**WHAT THE TASK REQUIRES**.
Please take the records that follow and repeat exactly the lines starting with the line with "Mexen Velar L" and going on through the line with "今朝の通勤途中の景観です。青".
===== DATA TO USE
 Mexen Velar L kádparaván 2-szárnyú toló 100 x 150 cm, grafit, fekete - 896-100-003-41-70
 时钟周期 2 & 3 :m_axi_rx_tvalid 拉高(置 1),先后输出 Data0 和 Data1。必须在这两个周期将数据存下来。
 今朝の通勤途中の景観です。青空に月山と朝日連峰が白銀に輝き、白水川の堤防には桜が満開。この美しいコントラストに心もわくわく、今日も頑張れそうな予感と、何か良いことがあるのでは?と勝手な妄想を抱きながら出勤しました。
==========
===== DATA TO USE
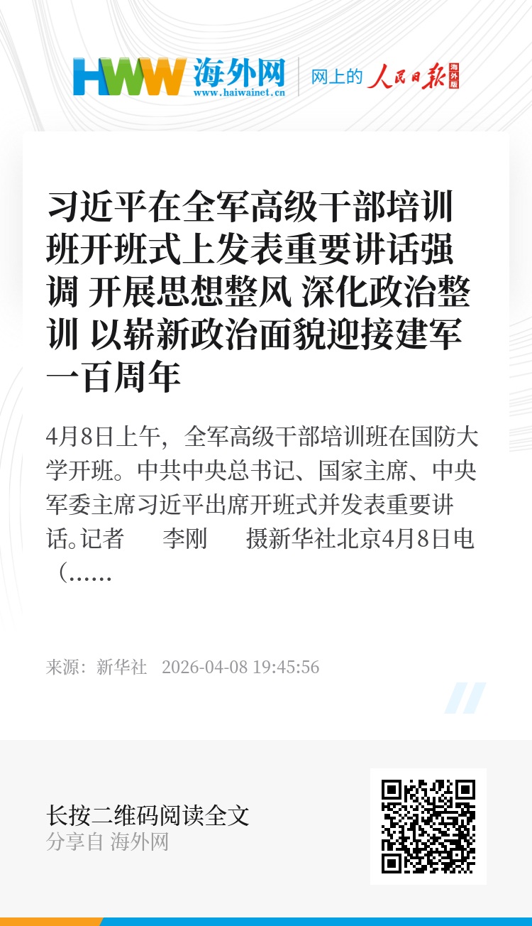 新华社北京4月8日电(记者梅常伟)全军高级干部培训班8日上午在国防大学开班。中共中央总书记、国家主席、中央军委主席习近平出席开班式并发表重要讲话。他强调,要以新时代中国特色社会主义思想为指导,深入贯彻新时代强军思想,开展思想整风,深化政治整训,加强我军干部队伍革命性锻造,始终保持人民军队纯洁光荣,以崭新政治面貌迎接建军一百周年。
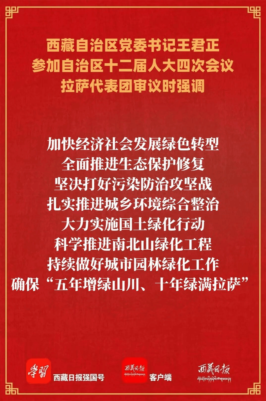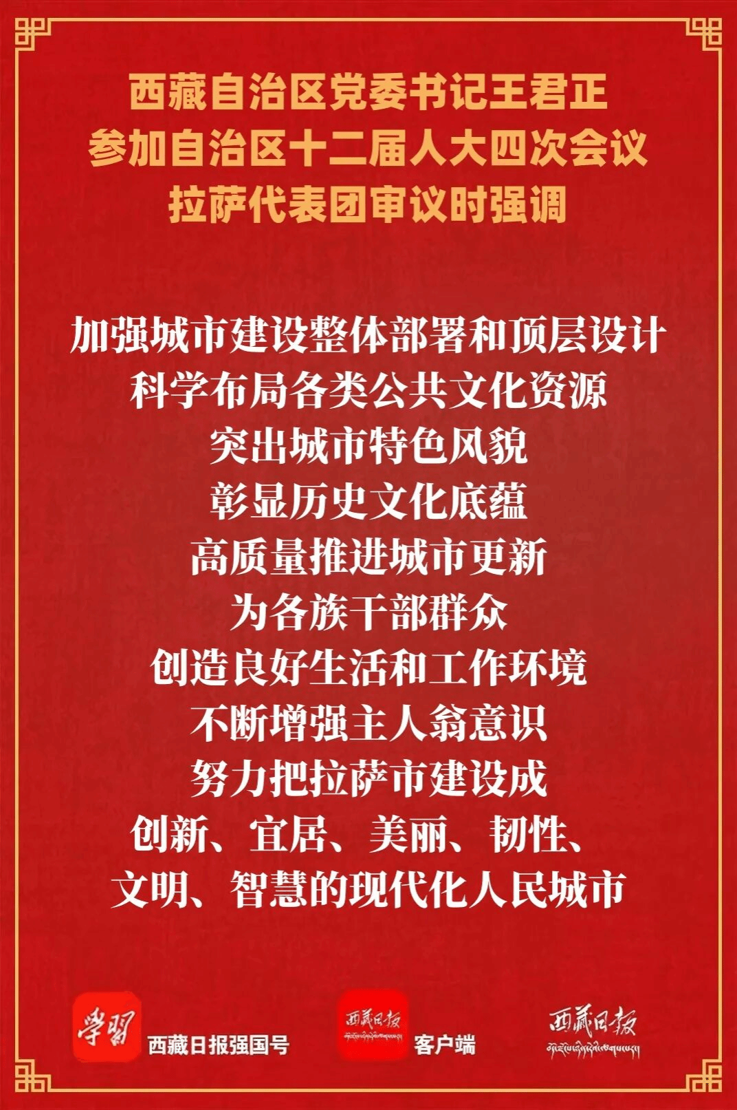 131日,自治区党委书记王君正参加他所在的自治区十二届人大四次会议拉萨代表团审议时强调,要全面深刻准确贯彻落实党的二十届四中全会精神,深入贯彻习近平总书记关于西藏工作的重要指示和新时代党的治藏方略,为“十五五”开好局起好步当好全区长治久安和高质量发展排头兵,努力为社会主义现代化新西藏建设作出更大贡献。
==========
**WRITTEN REPLY**.
 Mexen Velar L kádparaván 2-szárnyú toló 100 x 150 cm, grafit, fekete - 896-100-003-41-70
 时钟周期 2 & 3 :m_axi_rx_tvalid 拉高(置 1),先后输出 Data0 和 Data1。必须在这两个周期将数据存下来。
 今朝の通勤途中の景観です。青空に月山と朝日連峰が白銀に輝き、白水川の堤防には桜が満開。この美しいコントラストに心もわくわく、今日も頑張れそうな予感と、何か良いことがあるのでは?と勝手な妄想を抱きながら出勤しました。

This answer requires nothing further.